**Work item**
Please find the line that holds "このほどは、ホンダN-ONE" below and reproduce it, along with every line after it through the end, exactly and without pictures.

**Recorded information**
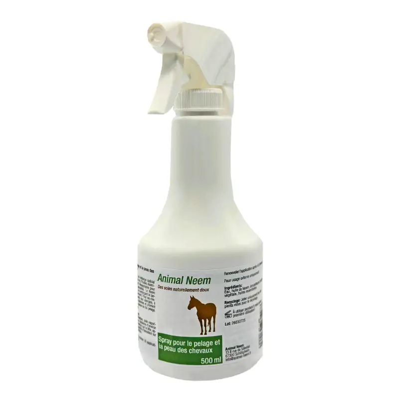 Ce spray insectifuge naturel pour cheval est également recommandé pour les chevaux sensibles ou sujets aux allergies. L’huile de neem aide à apaiser les irritations cutanées et à limiter les frottements excessifs de la queue ou du pelage, souvent causés par l’inconfort lié aux insectes.
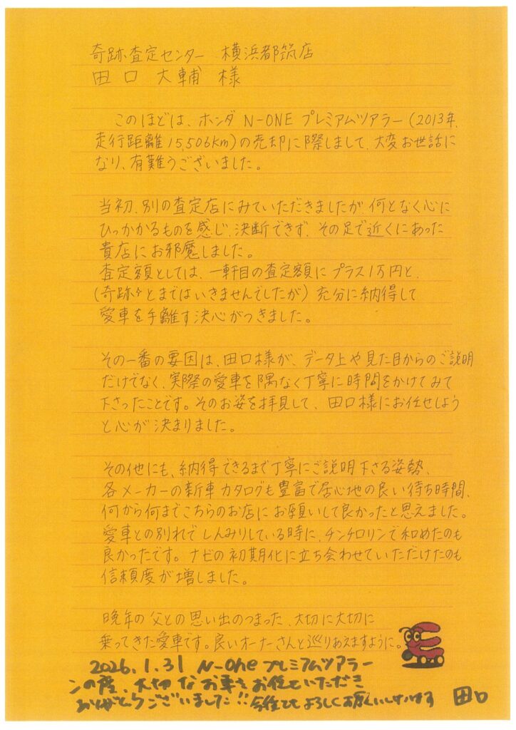このほどは、ホンダN-ONEプレミアムツアラー(2013年、走行距離15,506km)の売却に際しまして、大変お世話になり、有難うございました。
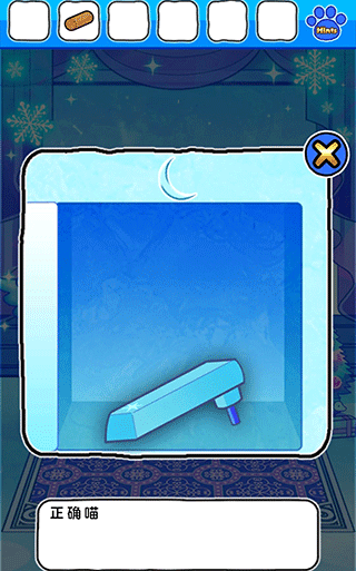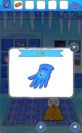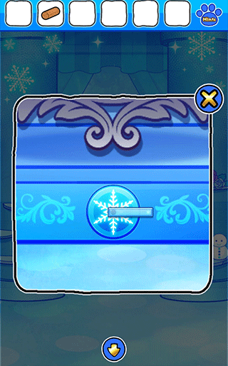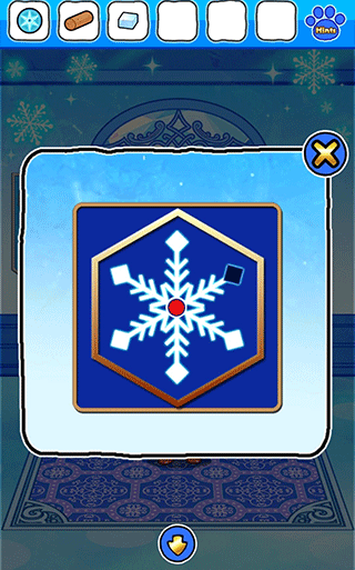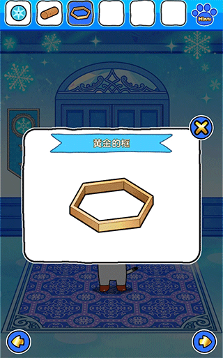 1、首先,点门旁边的雪花中心的红色按钮,出现凹槽,在镜子界面的雪人可以收集到金色框和塞子,独角兽挂画界面的树上收集到圆形装饰
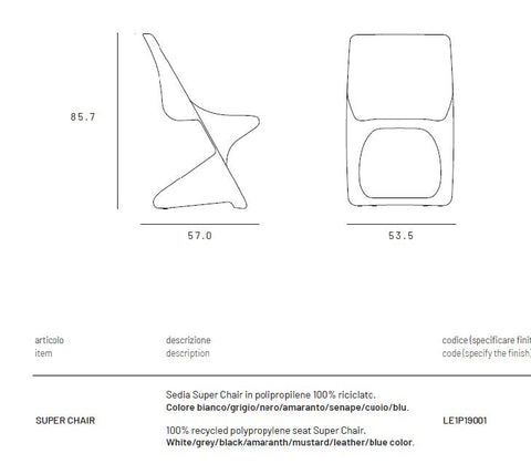 Distinguished by a unique silhouette and organic and harmonious shapes, Super Chair is a stockable monoblock 100% recycled plastic chair, intended for domestic and contract environments. Super Chair is a project conceived with the ambition of becoming an icon in the seating world, easily recognizable from the shape and the soft touch effect. The chair, entirely Made in Italy, is produced with injection molding technology and it’s made of 100% recycled polypropylene with a SILKY® finish to give the chair a more sophisticated rendering and a velvety soft touch.

**Written response**
このほどは、ホンダN-ONEプレミアムツアラー(2013年、走行距離15,506km)の売却に際しまして、大変お世話になり、有難うございました。
 1、首先,点门旁边的雪花中心的红色按钮,出现凹槽,在镜子界面的雪人可以收集到金色框和塞子,独角兽挂画界面的树上收集到圆形装饰
 Distinguished by a unique silhouette and organic and harmonious shapes, Super Chair is a stockable monoblock 100% recycled plastic chair, intended for domestic and contract environments. Super Chair is a project conceived with the ambition of becoming an icon in the seating world, easily recognizable from the shape and the soft touch effect. The chair, entirely Made in Italy, is produced with injection molding technology and it’s made of 100% recycled polypropylene with a SILKY® finish to give the chair a more sophisticated rendering and a velvety soft touch.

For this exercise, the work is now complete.